Seconde étape : 1910

Le deuxième cabinet (fig. 5, 6) nous entraîne au début du XXe siècle. Au milieu, face à la fenêtre, est présenté un fauteuil New Simplex produit par la firme Adam Schneider de Berlin dès 1883. Il s’agit d’un modèle complètement métallique, simple, avec une bascule du dossier, libéré par une pédale postérieure, entraînant l’allongement du marchepied. Un système de vis à manivelle permet la montée de l’assise. D’un prix modéré, d’une belle esthétique, flambant neuf avec ses liserés dorés, simple sans entretien, bien adaptable, léger sans installation : toutes conditions pour en faire un fauteuil de choix pour de nombreux praticiens européens Ce modèle rencontra un énorme succès et fut copié par d’autres constructeurs. Le génial système d’immédiat ajustage de la têtière d’un quart de tour avec repose-main permet de penser que nous serions bien en présence d’un modèle produit par la firme allemande Biber.
Il est accompagné d’un crachoir sur pied, avec branchement sanitaire, de type Clark A Single, avec repose-verre, pompe à salive et jet d’eau de rinçage (ca. 1900).

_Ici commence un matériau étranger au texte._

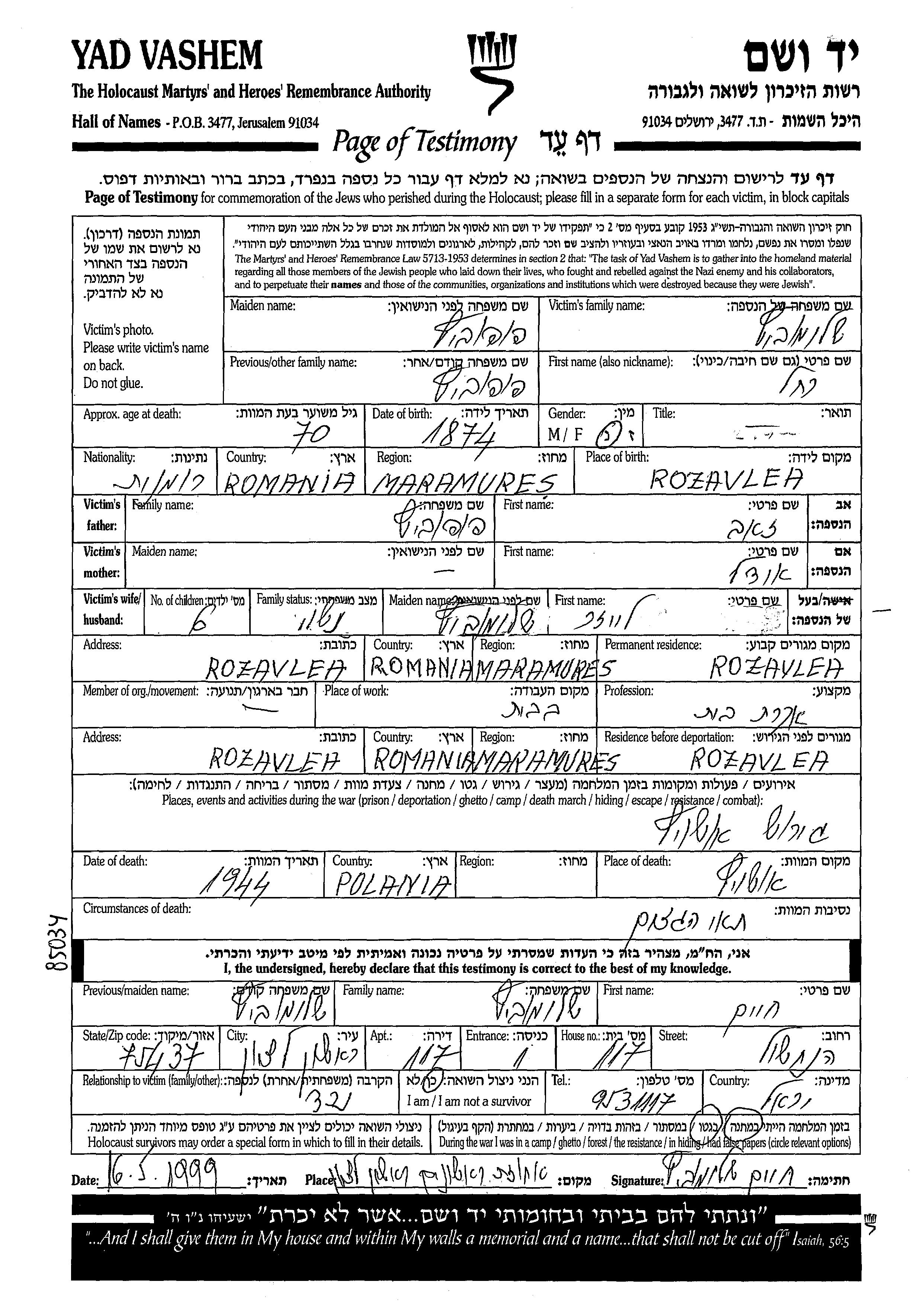 Yad Vashem - Pages of Testimony Names Memorial Collection

Une tablette métallique Aseptic de S. S. White, à deux tiroirs (ca. 1910), est supportée par un bras ajustable articulé. Au niveau de la fenêtre on aperçoit un moteur boule électrique Columbia n° 2 de Ritter USA
(ca. 1910) avec son flexible de transmission, suspendu à une potence mobile et contrebalancé par un contrepoids sur le câble d’alimentation.

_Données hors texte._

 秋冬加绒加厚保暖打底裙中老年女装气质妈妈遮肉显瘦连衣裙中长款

Une installation radiographique exceptionnelle

Ce cabinet est équipé d’un très remarquable appareil de radiographie (fig. 7). Cette installation fut réalisée autour de 1905 par les établissements Levring et Larsen de Copenhague. L’alimentation d’un courant de ville continu ou alternatif est contrôlée par un tableau régulateur en marbre, probablement d’origine allemande, comme l’interrupteur turbine à mercure suspendu par des ressorts à la base du tableau, destiné à déclencher les multiruptures de courant indispensables pour l’alimentation de la bobine d’induction. Cette importante bobine de Ruhmkorff, qui doit produire des courants de l’ordre 60 000 à 80 000 volts (!) d’une intensité de 10 à 15 mA, pesant sans doute une cinquantaine de kilos, est soutenue bien haut par un support de bois. Les deux bornes d’étincelage de la bobine sont directement reliées à deux longs rails très judicieusement placés au plafond et isolés pour des raisons de sécurité afin d’alimenter le tube radiogène en évitant des accidents électriques tout en facilitant les déplacements du statif porte-tube.

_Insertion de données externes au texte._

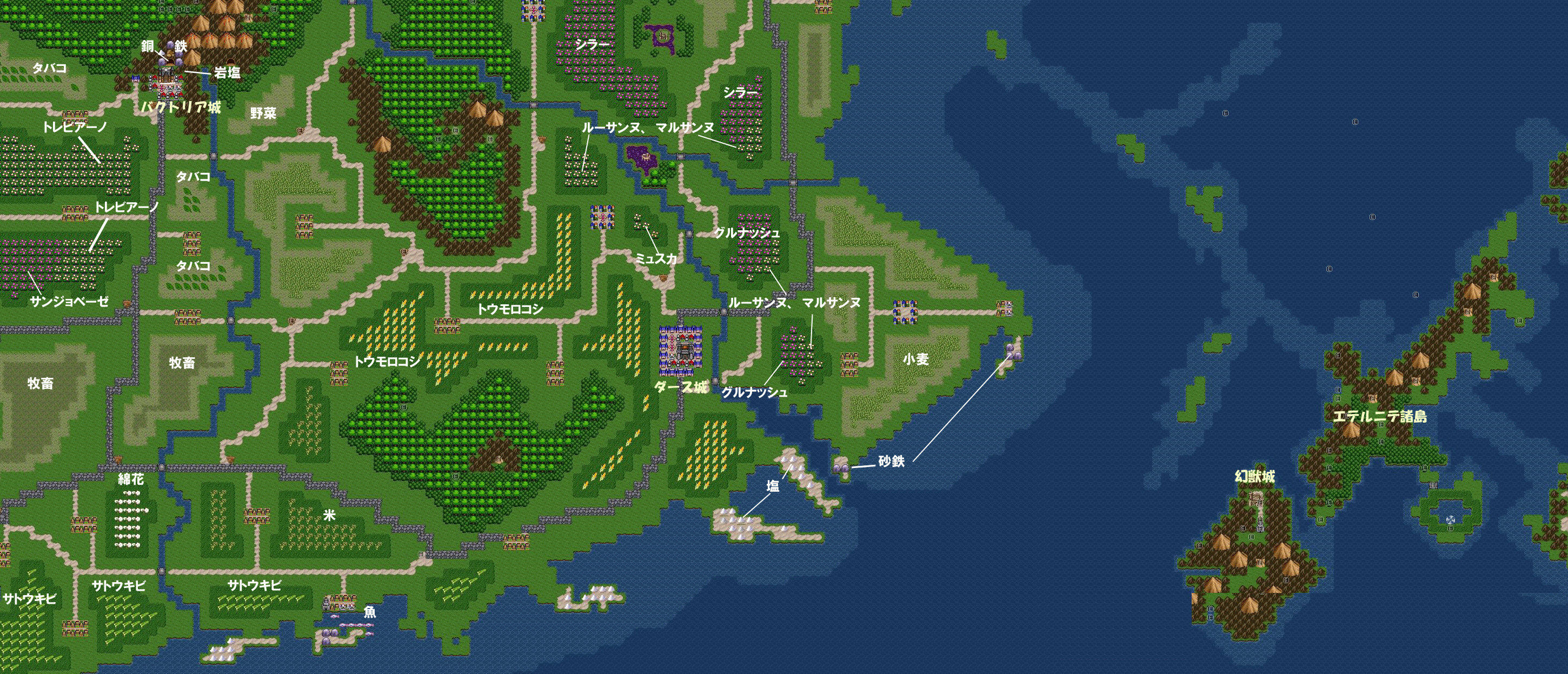 こちらは実際にゲームでみることは、ないのですが、世界観を知っていただくために、各地でどのような農作物などが収穫できるかを示したマップです。画像サイズが大きいので縮小しています。画像クリックで実寸サイズになります。

Deux rhéophores viennent alimenter les deux extrémités d’un tube à gaz de Crookes, de type focus radiogène à autorégulation électrochimique (ca. 1905). Le rayonnement est focalisé directement du tube qui est complètement enchâssé dans un coffre en bois garni d’un lourd revêtement en plomb radioprotecteur. Le statif en bois mobile sur roulettes est équilibré d’un contrepoids pour permettre une manipulation aisée et stable du protège-tube lourdement plombé et du fragile tube radiogène.
Il s’agit probablement de la seule installation de ce type complète encore visible en situation.
Sur le mur d’en face on trouve un tableau de distribution électrique de la firme Ritter USA très moderne pour l’époque (ca. 1915) ainsi qu’une belle vitrine de rangement métallique Aseptic et un meuble lave-mains hygiénique (ca. 1900) (fig. 8). Au fond, sur un support White Line Princess Cabinet, on reconnaît un réservoir gazomètre nickelé de 12 gallons pour gaz anesthésique NO2.


Félicitations à l’Université de Copenhague d’exposer de telles pièces exceptionnelles dans des lieux toujours habités de souvenirs historiques. Un bon exemple à suivre pour les universités françaises.